Die beiden Notebooks werden über eine Aktivität jeweils zunächst in eine Pipeline eingebunden und parametrisiert. Anschließend können die Variablen als dynamischer Inhalt, also als einer der Pipeline zugeordneten Variable, verwendet werden.

Für die zweite Pipeline, die die Testdaten lädt, wird ein Trigger gesetzt, der die Ausführung automatisch startet, sobald ein Blob im Data Lake erstellt wird. In der Konfiguration kann über den Blobpfad selektiert werden, wann ein Ereignis ausgelöst wird:

Vom Speicherkonto wird eine Benachrichtigung an das EventGrid gesendet, wenn eine Datei angelegt wird. Das EventGrid ist mit Azure verknüpft, so dass der Trigger durch dieses Ereignis ausgelöst wird.

Ergebnis

Mit den gewählten Parametern werden drei Parquet-Dateien mit jeweils knapp über 40.000 Datensätzen geschrieben, wie der Auszug der angelegten Metadaten zeigt:

Dabei wird bei jeder Datei ein Event erzeugt, das die Pipeline mit dem zweiten Notebook startet.
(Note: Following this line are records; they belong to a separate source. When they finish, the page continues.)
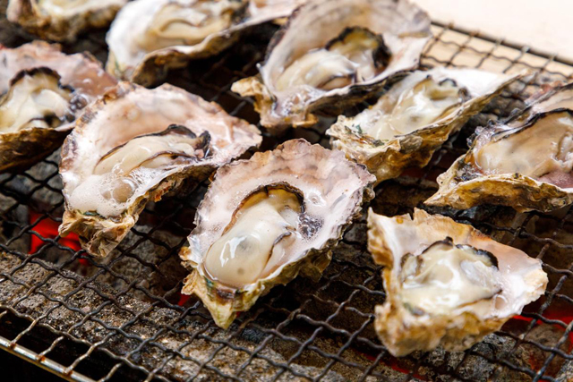 行橋の冬の味覚といえば、牡蠣。豊前海の豊富なミネラルがたっぷりとつまった、プルンとした食感と濃厚な風味が特長の「豊前海一粒かき」を堪能してください。焼き牡蠣のほか、より工夫をこらせたレシピで牡蠣を販売します。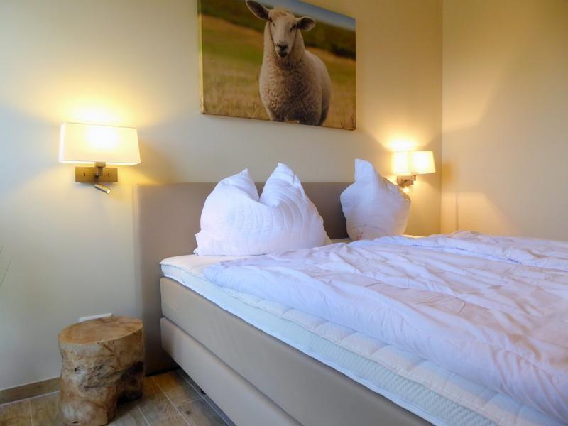 Beim Gang in das zweite Schlafzimmer mit gleicher Ausstattung geht es über zum Highlight: Das traumhafte Tageslichtbad mit großer, bodengleicher Walk-In-Sommerregendusche, integrierter Radioanlage und moderner Sauna mit innovativer LED Technik Sound & Light. Während eines wohltuenden Saunabades können Sie direkt aus der gläsernen Sauna ihren Blick auf die Nordsee schweifen lassen. Mee(h)r Entspannung geht nicht!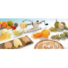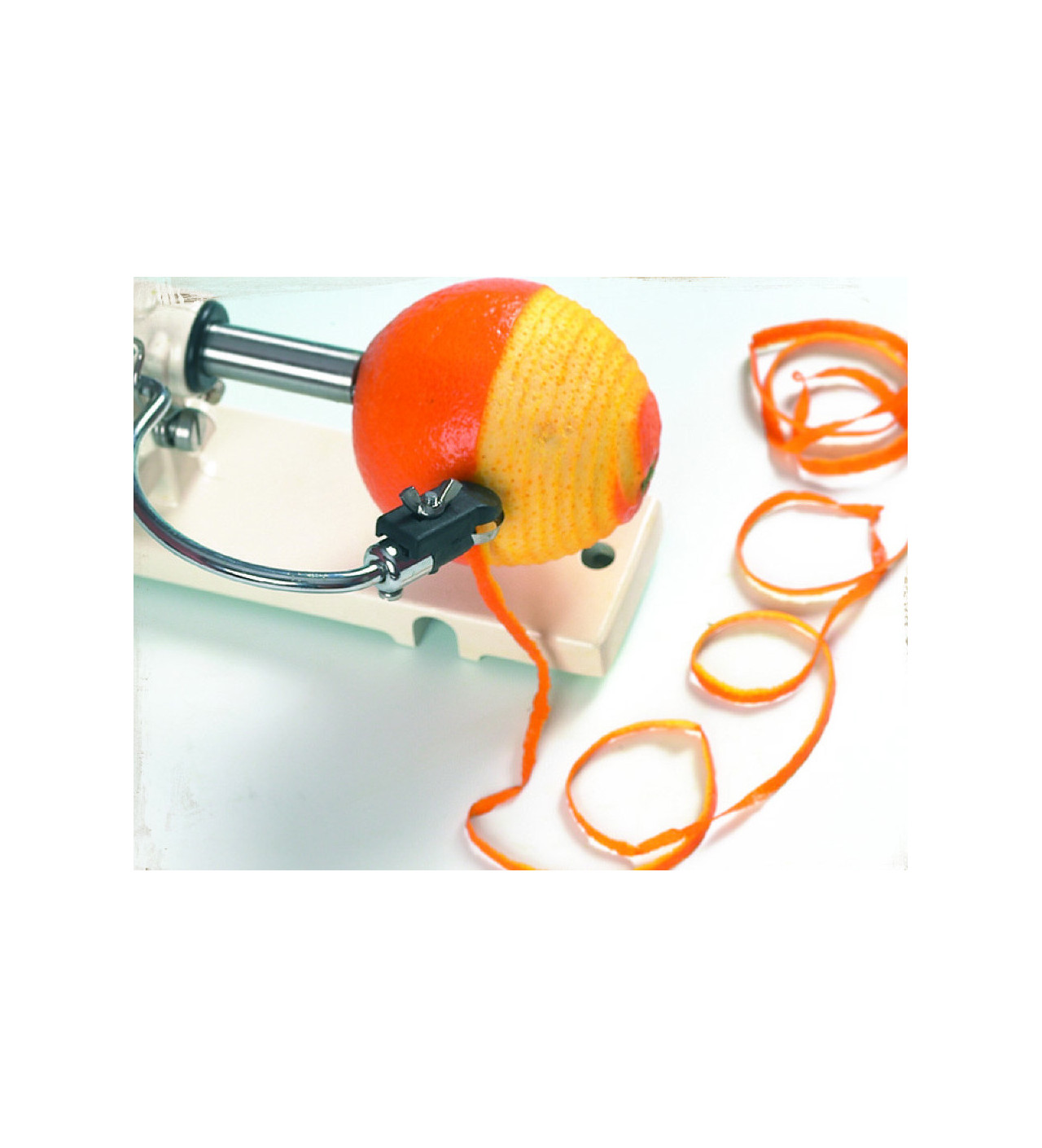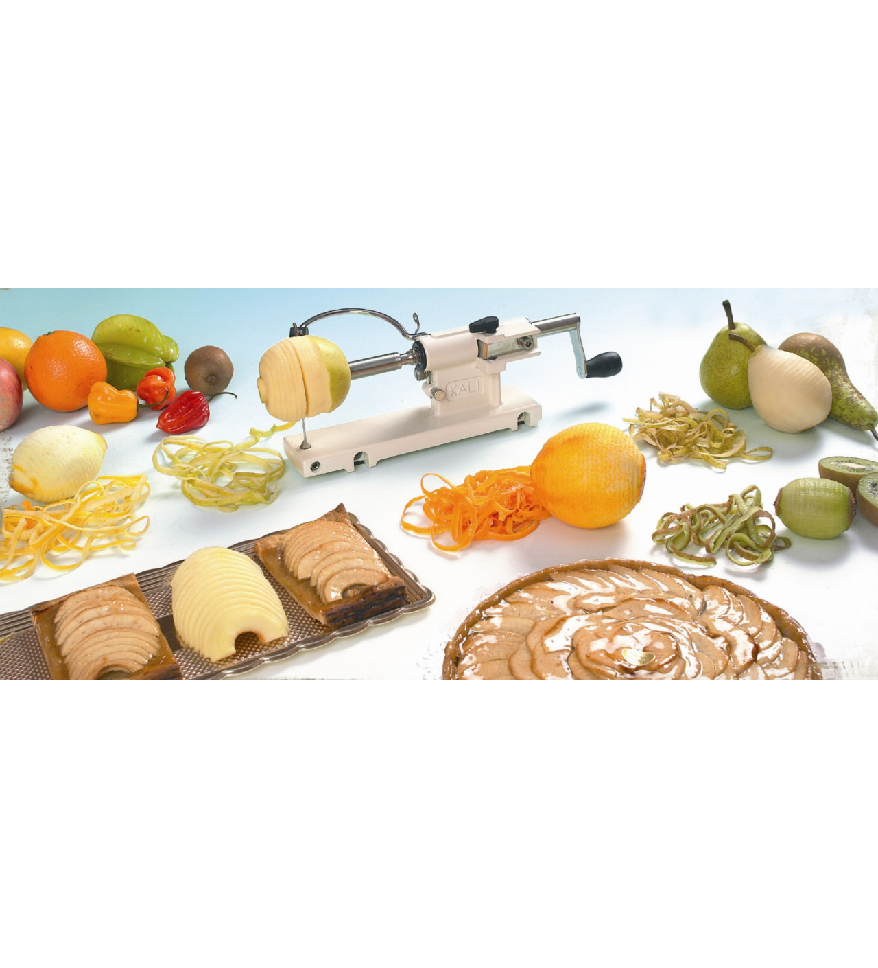 El pelador de manzanas Kali pela, corta y quita el corazón de las frutas con tan solo un movimiento. También se puede usar para pelar patatas y cortarlas en rodajas (chips...) o para rallar limones y naranjas...

Da jedoch der Schwellenwert auf 100.000 gesetzt ist, findet eine Verarbeitung erst mit der dritten Datei statt.

Im Anschluss sind die gelieferten Dateien in eine zusammengefasst und würden in der Praxis weiter verarbeitet werden, außerdem sind in den Metadaten der Zeitpunkt des Zugriffes sowie der Status „read“ aktualisiert.